- Seal
- Palé Location in Baranya County Palé Palé (Hungary)
- Coordinates: 46°15′38″N 18°04′13″E﻿ / ﻿46.26056°N 18.07031°E
- Country: Hungary
- County: Baranya
- District: Hegyhát

Government
- • Type: Mayor-council
- • Mayor: Tímea Markóné Héder (Ind.)

Area
- • Total: 2.15 km^{2} (0.83 sq mi)

Population (2021)
- • Total: 95
- • Density: 44/km^{2} (110/sq mi)
- Time zone: UTC+1 (CET)
- • Summer (DST): UTC+2 (CEST)
- Postal code: 7370
- Area code: 72
- NUTS 3: HU231
- HCSO: 23764

= Palé, Hungary =

Palé is a village (község) in Hegyhát District, northern Baranya county, in the Southern Transdanubia region of Hungary. Its population at the 2011 census was 99.

== Geography ==
The village is located at 46° 15′ 38″ N, 18° 4′ 13″ E. Its area is 2.15 km2. It is part of the Southern Transdanubia statistical region, and administratively it falls under Baranya County and then Hegyhát District. It lies 3 km west of the town of Sásd.

== Demographics ==
=== 2011 census ===
As of the census of 2011, there were 99 residents, 34 households, and 28 families living in the village. The population density was 119 /sqmi. There were 37 dwellings at an average density of 45 /sqmi. The average household size was 2.74. The average number of children was 1.07. The average family size was 2.93.

Religious affiliation was 44.1% Roman Catholic, 5.4% Calvinist, 8.6% other religion, and 15.1% unaffiliated, with 26.9% declining to answer.

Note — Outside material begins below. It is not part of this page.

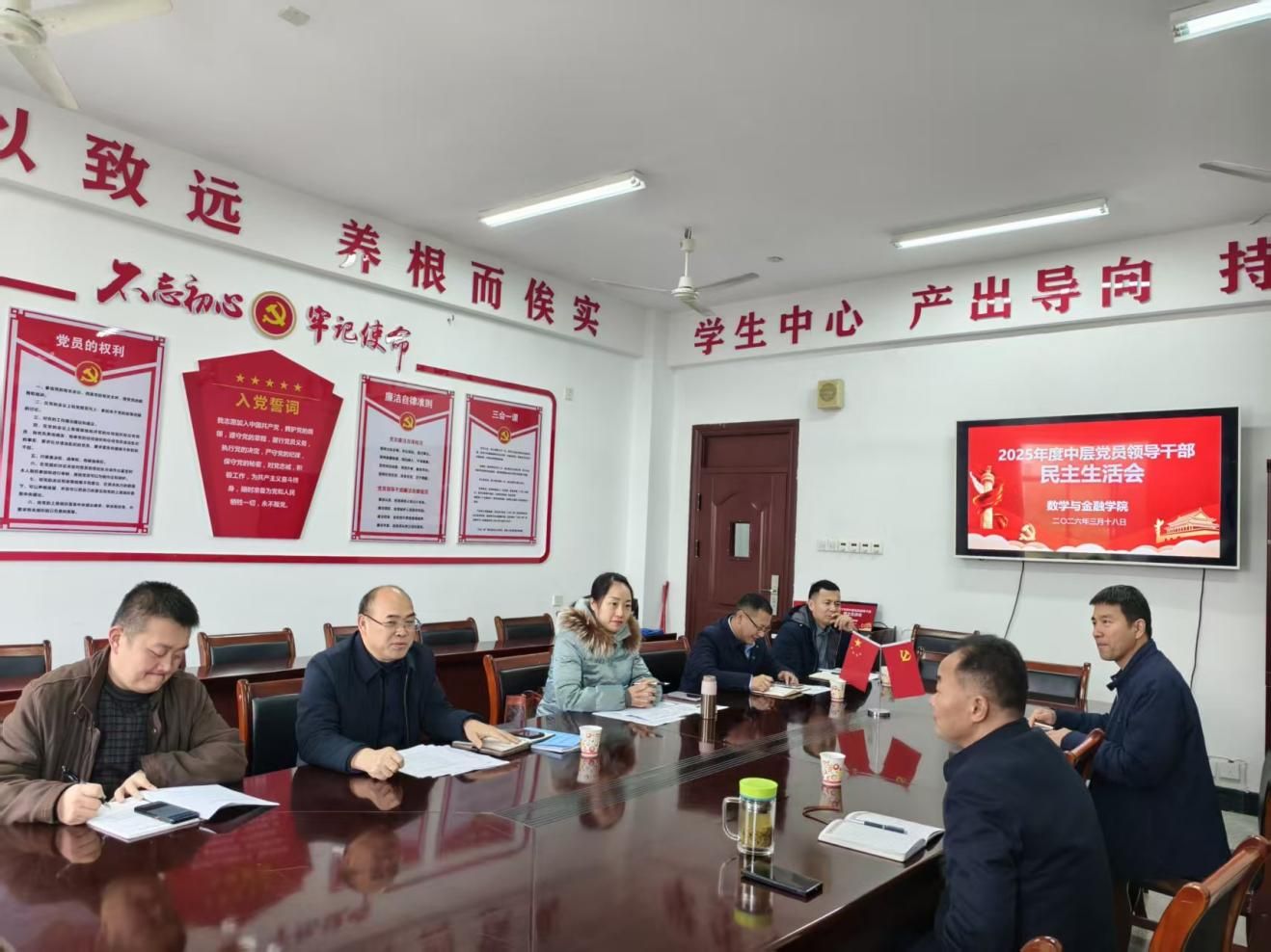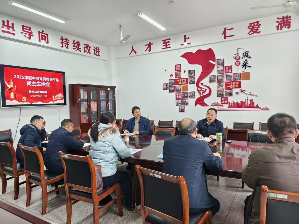 为深入学习贯彻习近平新时代中国特色社会主义思想,全面落实学校党委关于民主生活会的部署要求,严肃党内政治生活、强化领导班子政治建设,切实把巩固深化党纪学习教育成果融入班子建设全过程,3月18日下午,数学与金融学院在致远楼605会议室召开2025年度领导班子民主生活会。校党委副书记朱强、校审计处处长刘琼到会指导,学院领导班子成员陈国华、刘晔、罗志军、龙志文出席会议,李军成同志因外出学习请假。会议由学院党总支书记陈国华主持。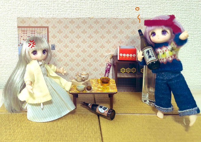 #今夜のドール撮影120分一本勝負 お題 ふらつく 🍫「ちょっとあなた飲み過ぎよ!」 🍬「あへほへあへ‥」 #シュガーカップス #アゾカツ

The village had an ethnic minority Roma population of 5.4%. A small number of residents also identified as German (1.1%). The vast majority declared themselves as Hungarian (98.9%), with 1.1% declining to answer. (Note: As a person can affiliate themselves with more than one ethnic group (nationality), the totals may be greater than 100%.)

== Local government ==
The village is governed by a mayor with a four-person council. The local government of the village operates a joint council office with the nearby localities of Baranyaszentgyörgy, Felsőegerszeg, Gödre, Meződ, Sásd, Varga and Vázsnok. The seat of the joint council is in Sásd.

== Transportation ==
=== Railway ===
- Sásd Train Station, 3.5 km to the east of the village. The station is on the Pusztaszabolcs–Pécs and Dombóvár-Komló railway lines and is operated by MÁV.